Search code examples
sqlpostgresqldategreatest-n-per-grouptimestamp-with-timezone

How can I return the most recent rows at or before $TIMESTAMP at a certain time zone, via a Postgres 11 function (stored proc)?


I have a Postgres 11 table like so :

CREATE TABLE schema.foo_numbers (

 id INTEGER PRIMARY KEY GENERATED ALWAYS AS IDENTITY,
 created_at TIMESTAMP WITH TIME ZONE DEFAULT now(),
 quantity INTEGER,
 category TEXT
);

It has some data like :

 id |       created_at                  | quantity | category 
----+------------------------+----------+----------
  1 | 2020-01-01 12:00:00+00 |        2    | a
  2 | 2020-01-02 17:00:00+00 |        1    | b
  3 | 2020-01-01 15:00:00+00 |        6    | a
  4 | 2020-01-04 09:00:00+00 |        1    | b
  5 | 2020-01-05 19:00:00+00 |        2    | a
  6 | 2020-01-06 23:00:00+00 |        8    | b
  7 | 2020-01-07 20:00:00+00 |        1    | a
  8 | 2020-01-08 04:00:00+00 |        2    | b
  9 | 2020-01-09 23:00:00+00 |        1    | a
 10 | 2020-01-10 19:00:00+00 |        1   | b
 11 | 2020-01-11 05:00:00+00 |        1    | a
 12 | 2020-01-12 21:00:00+00 |        1   | b
 13 | 2020-01-13 01:00:00+00 |        1   | a
 14 | 2020-01-14 18:00:00+00 |        1   | b

I have another table which tracks certain properties of foo categories:

create table schema.foo_category_properties (
id INTEGER PRIMARY KEY GENERATED ALWAYS AS IDENTITY, 
category TEXT NOT NULL,  
some_bool BOOLEAN NOT NULL DEFAULT FALSE
); 

This table has data like so:

 id | category | some_bool 
----+----------+-----------
  1 | a        | f
  2 | b        | f

I need to create a postgres function (to be called from app logic via the postgREST api) that will, for an argument $TIMESTAMP , return the most recent record for each category with created_at <= $TIMESTAMP .

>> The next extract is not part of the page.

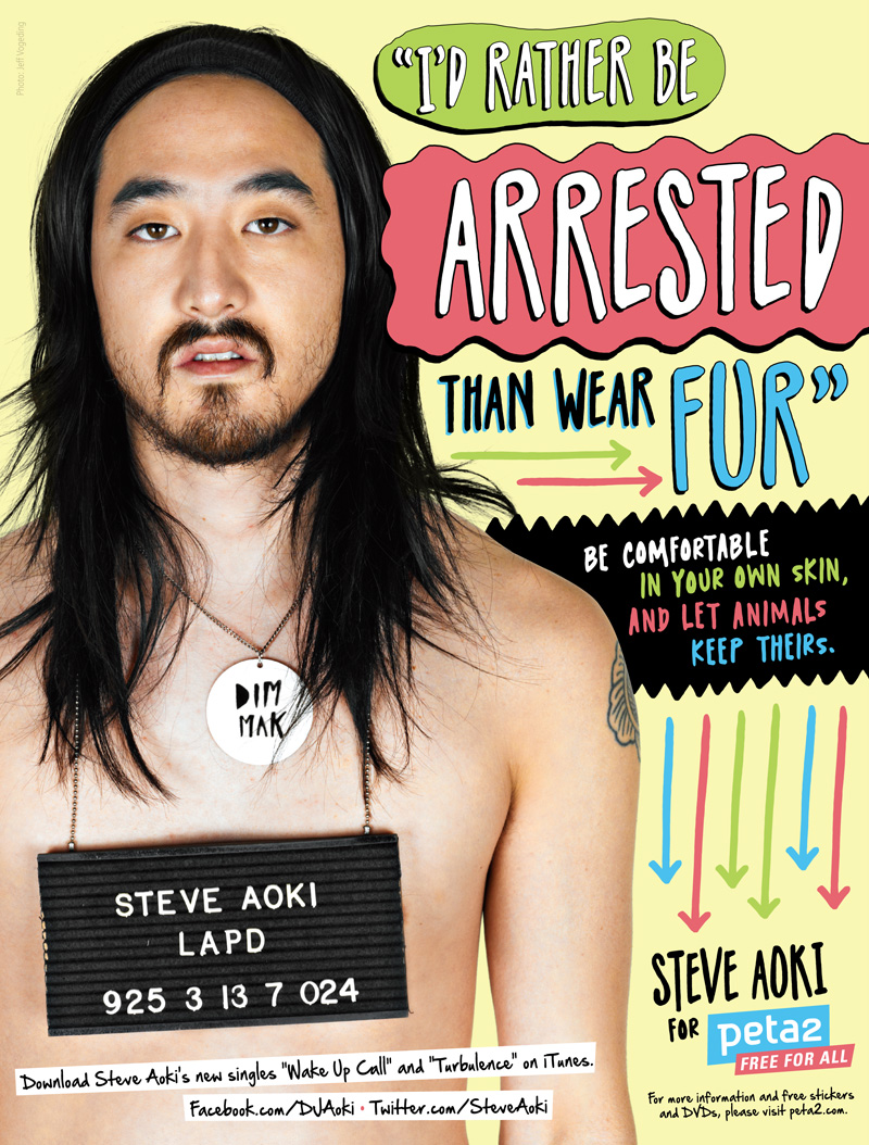 Steve Aoki: I’d Rather Be Arrested Than Wear Fur (peta2)

Ideally, the incoming argument will be treated as TIMESTAMP WITH TIME ZONE AT TIME ZONE ‘America/Los_Angeles’ , and the function returns the latest record with its time stamp shown at that same time zone -- however, it’s also OK if that’s not possible and all timestamps remain in UTC [to be offset in app logic], provided the correct data is returned in a consistent fashion.

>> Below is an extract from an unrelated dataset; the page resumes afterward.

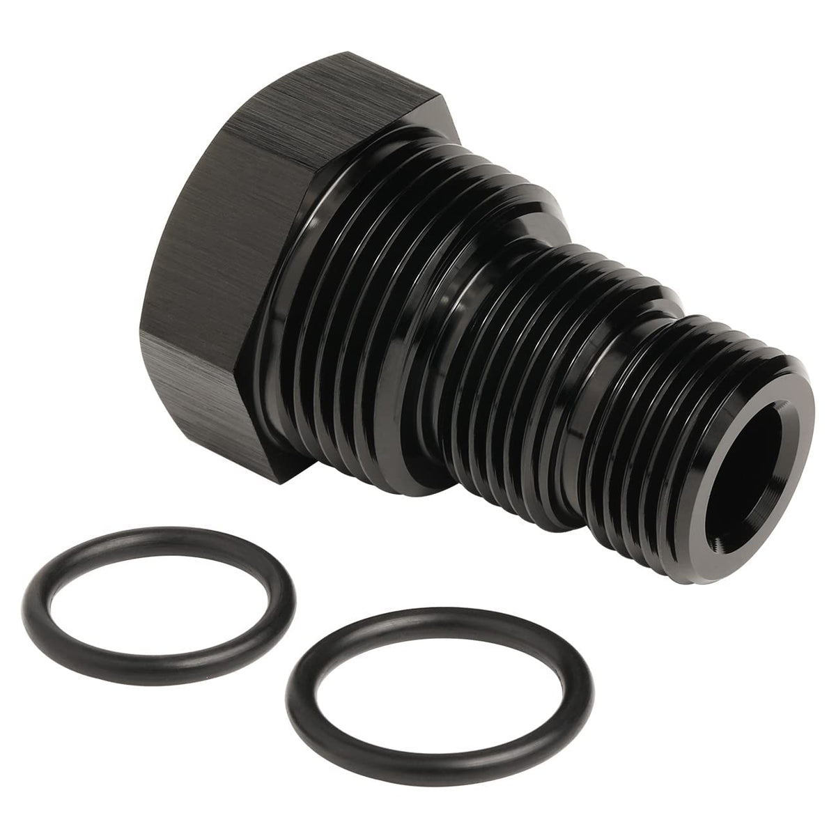 Specifications: Material: 6061 T6 Aluminum Size: Female 1/2-28 To Male 3/4-16, 13/16-16 And 3/4 Npt Surface Treatment: Anodized Black

Server time is set to UTC:

psql => show time zone; 
 TimeZone 
----------
 UTC
(1 row)

The postgres function I’ve written is like so :

CREATE OR REPLACE FUNCTION schema.foo_proc (end_date TEXT)   

  RETURNS TABLE (
      id INTEGER,
      category TEXT,
      quantity BIGINT,
      snapshot_count NUMERIC,
      latest_entry TIMESTAMP WITH TIME ZONE 
  )
  AS $$
  #variable_conflict use_column

BEGIN
RETURN QUERY 

    SELECT 
    alias1.id,
    alias1.category, 
    alias1.quantity,
    alias1.snapshot_count,
    alias2.latest_entry AS latest_entry

    FROM
      (
          SELECT 
          id,
          category,
          quantity,
          sum(quantity) OVER (partition by category ORDER BY created_at) AS snapshot_count 
          FROM 
          schema.foo_numbers 
      ) AS alias1
    INNER JOIN 
    (
       SELECT
        max(id) AS id,
        category, 
        max(created_at AT TIME ZONE 'America/Los_Angeles') AS latest_entry
        from 
        schema.foo_numbers 
        WHERE created_at AT TIME ZONE 'America/Los_Angeles' <= to_timestamp($1', 'YYYY-MM-DD HH24:MI:SS') :: TIMESTAMPTZ AT TIME ZONE 'America/Los_Angeles'
        group by category
        order by category 
    ) AS alias2
    ON 
    alias1.id = alias2.id
    INNER JOIN 
    schema.foo_category_properties fcp 
    ON 
    alias2.category = fcp.category
    WHERE fcp.some_bool IS FALSE
    ORDER BY 
    alias1.category 
    ;
END;
$$ LANGUAGE plpgsql;

Here is the data in foo_numbers with timestamps shifted to time zone ‘America/Los_Angeles’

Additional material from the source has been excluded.